DATA PROVIDED:
= = = =

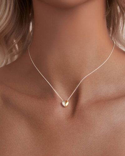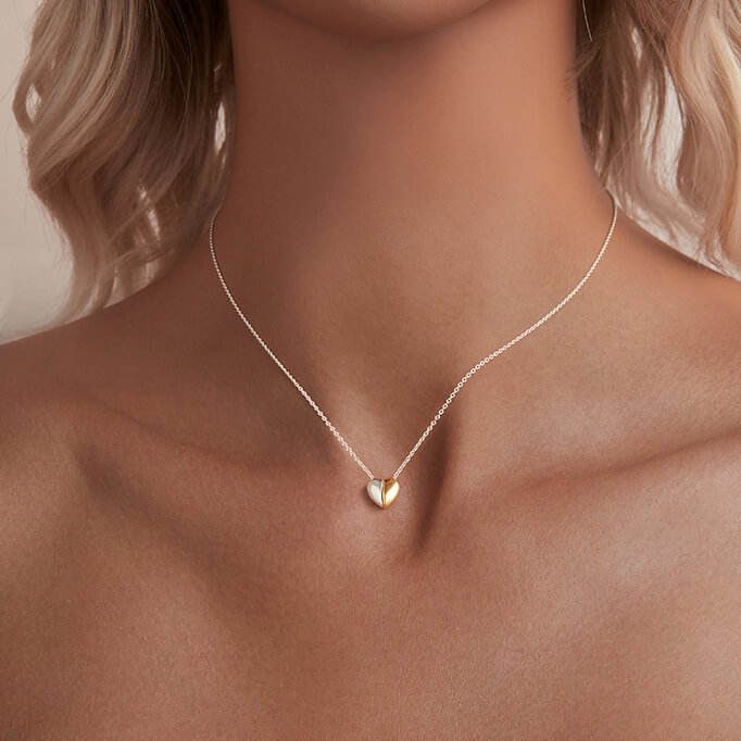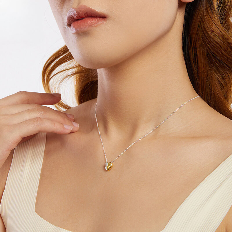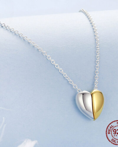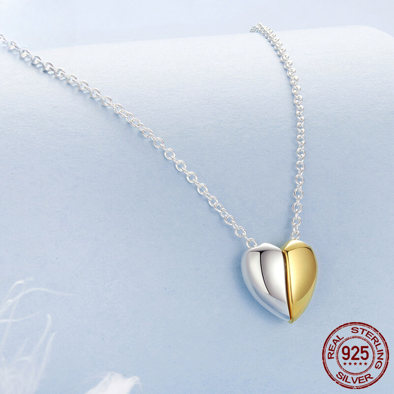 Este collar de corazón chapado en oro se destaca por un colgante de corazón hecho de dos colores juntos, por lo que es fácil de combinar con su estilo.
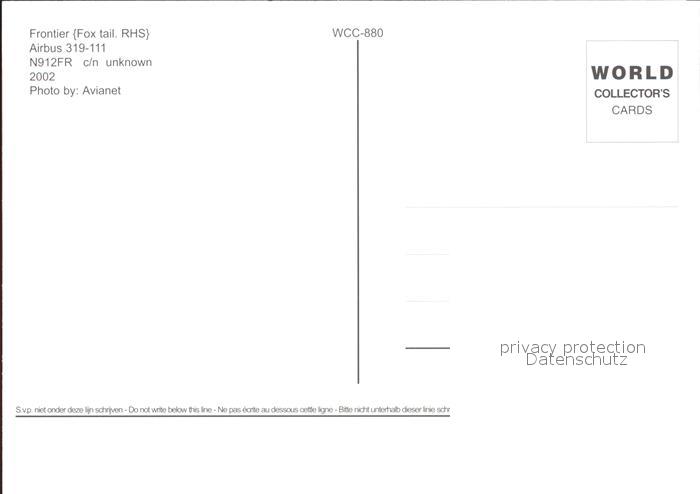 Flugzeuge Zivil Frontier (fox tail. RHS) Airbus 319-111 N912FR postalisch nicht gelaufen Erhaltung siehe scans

= = = =

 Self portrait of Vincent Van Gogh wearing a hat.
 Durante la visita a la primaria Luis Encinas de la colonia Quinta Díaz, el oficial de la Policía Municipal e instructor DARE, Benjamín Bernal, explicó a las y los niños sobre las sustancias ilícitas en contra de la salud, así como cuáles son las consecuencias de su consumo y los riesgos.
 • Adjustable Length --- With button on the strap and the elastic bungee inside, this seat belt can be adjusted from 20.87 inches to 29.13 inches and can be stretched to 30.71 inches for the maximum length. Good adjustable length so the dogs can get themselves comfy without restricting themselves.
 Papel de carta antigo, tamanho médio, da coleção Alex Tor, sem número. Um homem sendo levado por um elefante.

= = = =

Above are the entries. Quote exactly the lines from the one bearing "Self portrait of" through the one bearing "Papel de carta".

 Self portrait of Vincent Van Gogh wearing a hat.
 Durante la visita a la primaria Luis Encinas de la colonia Quinta Díaz, el oficial de la Policía Municipal e instructor DARE, Benjamín Bernal, explicó a las y los niños sobre las sustancias ilícitas en contra de la salud, así como cuáles son las consecuencias de su consumo y los riesgos.
 • Adjustable Length --- With button on the strap and the elastic bungee inside, this seat belt can be adjusted from 20.87 inches to 29.13 inches and can be stretched to 30.71 inches for the maximum length. Good adjustable length so the dogs can get themselves comfy without restricting themselves.
 Papel de carta antigo, tamanho médio, da coleção Alex Tor, sem número. Um homem sendo levado por um elefante.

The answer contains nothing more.